Work order
Of the lines in the material below, print only those from the one containing "Ann Taylor Curvy" to the one containing "10月2日讯 欧冠联赛阶段第", ends included, exactly as written and without pictures.

Given data
----
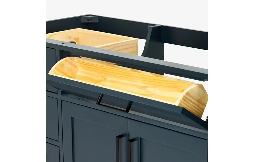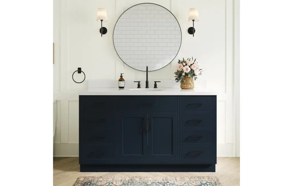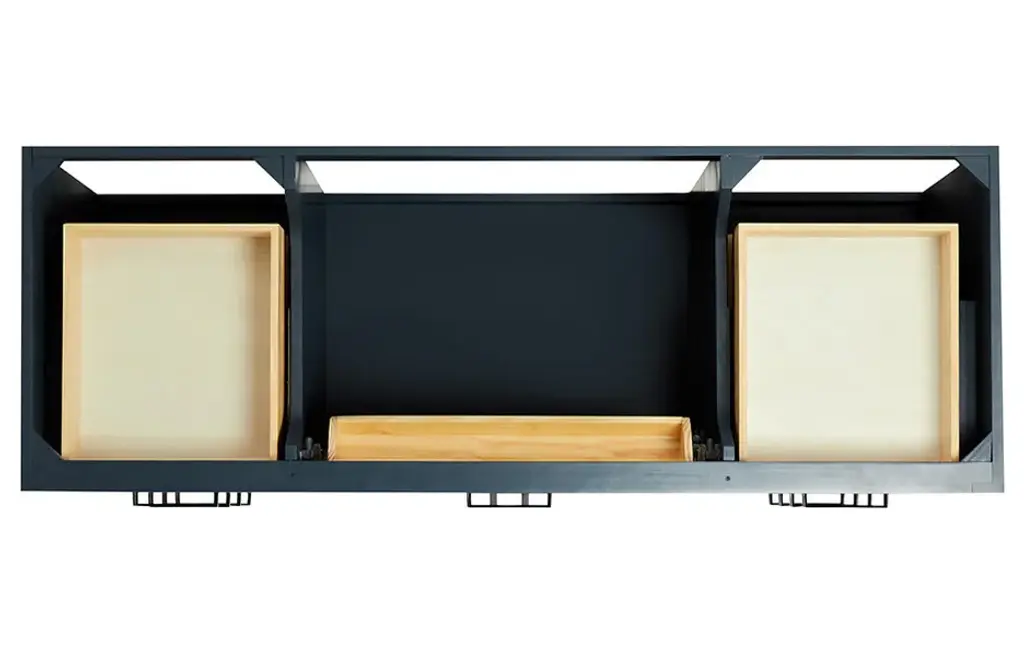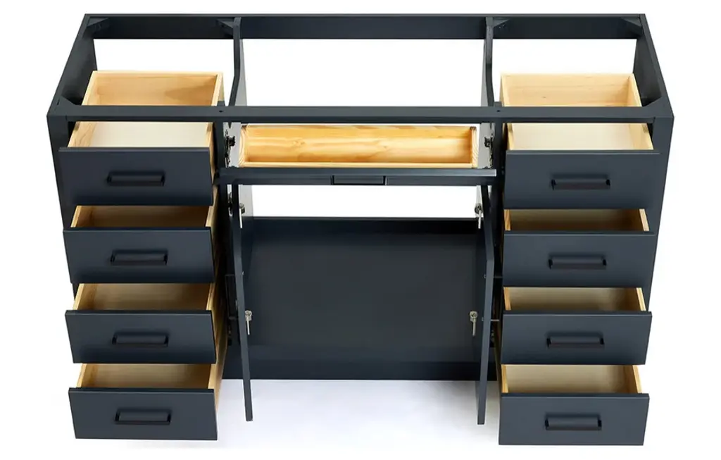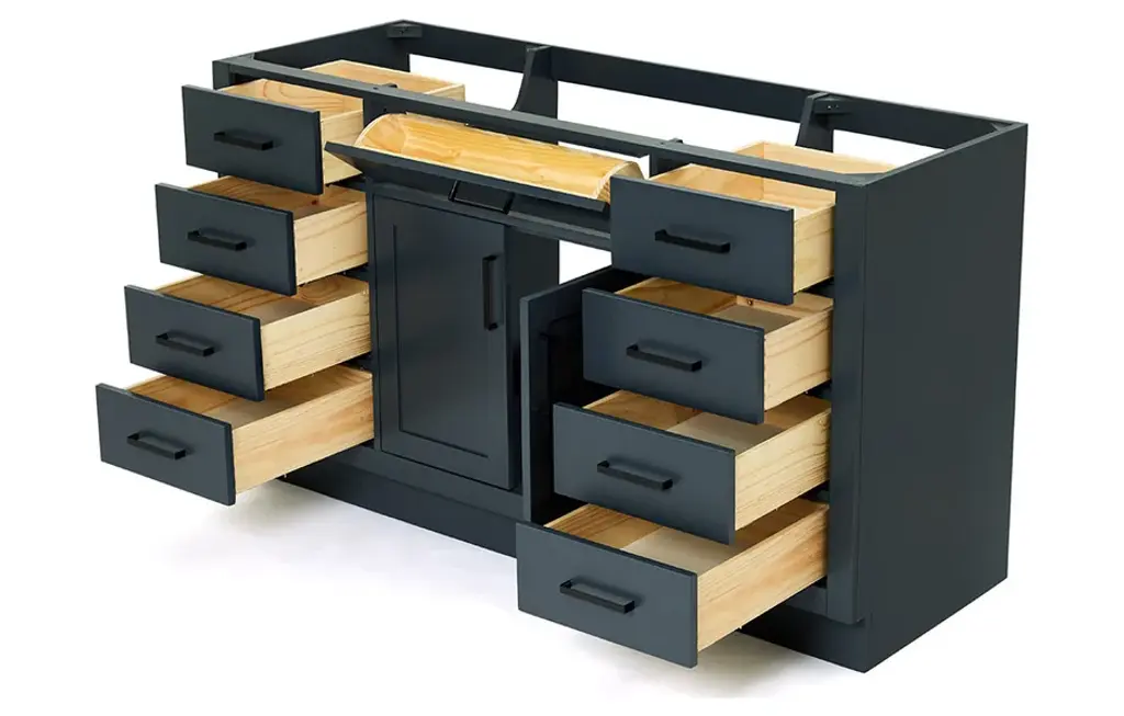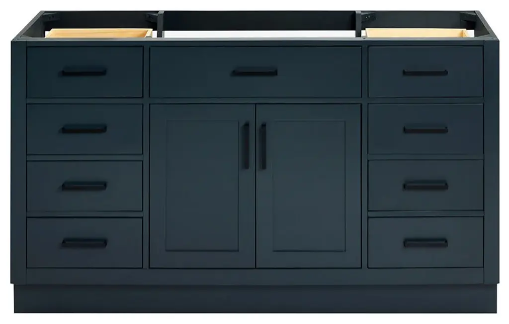 The Hepburn Vanity Collection from ARIEL Bath is the perfect combination of elegance and form, taking inspiration from traditional cabinetry but with a modern twist. Constructed from high quality hardwood plywood, this vanity will be sure to last for many years to come.Covered under Ariel's 3 year limited warranty60"W x 21.5"D x 34.5"HHardwood plywood construction for lasting beauty and durabilityMidnight Blue painted finishTwo soft-closing doors with adjustable hinges so you'll never have to worry about hearing a door slamEight full extension, self-closing drawers and one 45-degree open drawer to meet all your storage needsDove-tail construction drawer boxes for additional strength and stability
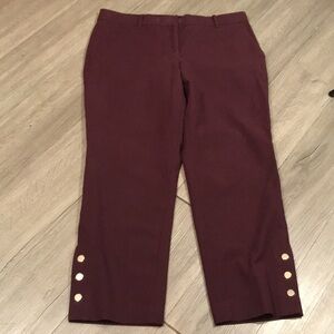 Ann Taylor Curvy Fit Burgundy Ankle Length Pants with 3 Gold Button Details at Hem
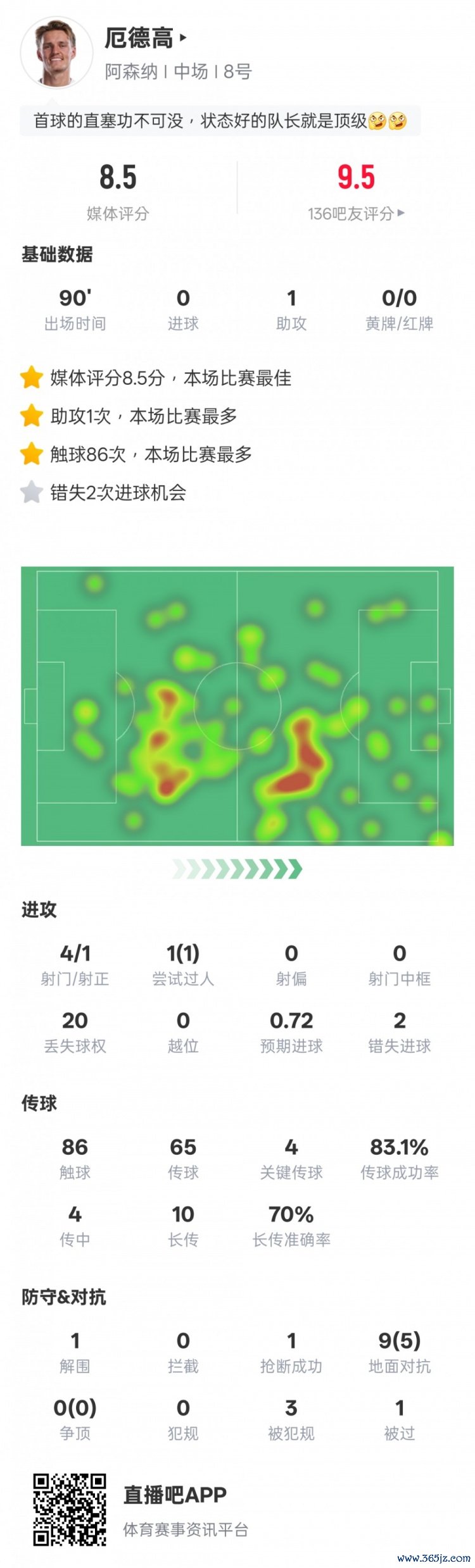 10月2日讯 欧冠联赛阶段第2轮,阿森纳2-0奥林匹亚科斯。本场比赛,厄德高首发出战,送出1次助攻,4次重要传球,但也有2次错失进球契机,评分8.5全场最高。
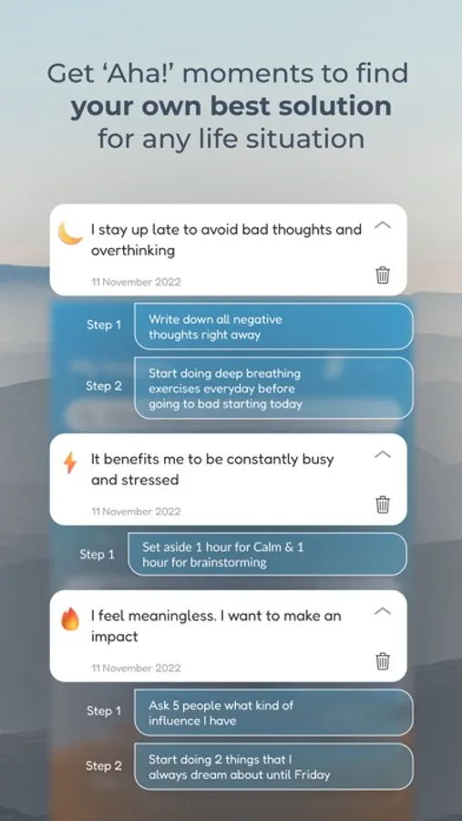 - AI Coach Interaction: Switch to your AI Coach, trained with insights from psychotherapy and coaching practices.
----
Exercise result
 Ann Taylor Curvy Fit Burgundy Ankle Length Pants with 3 Gold Button Details at Hem
 10月2日讯 欧冠联赛阶段第2轮,阿森纳2-0奥林匹亚科斯。本场比赛,厄德高首发出战,送出1次助攻,4次重要传球,但也有2次错失进球契机,评分8.5全场最高。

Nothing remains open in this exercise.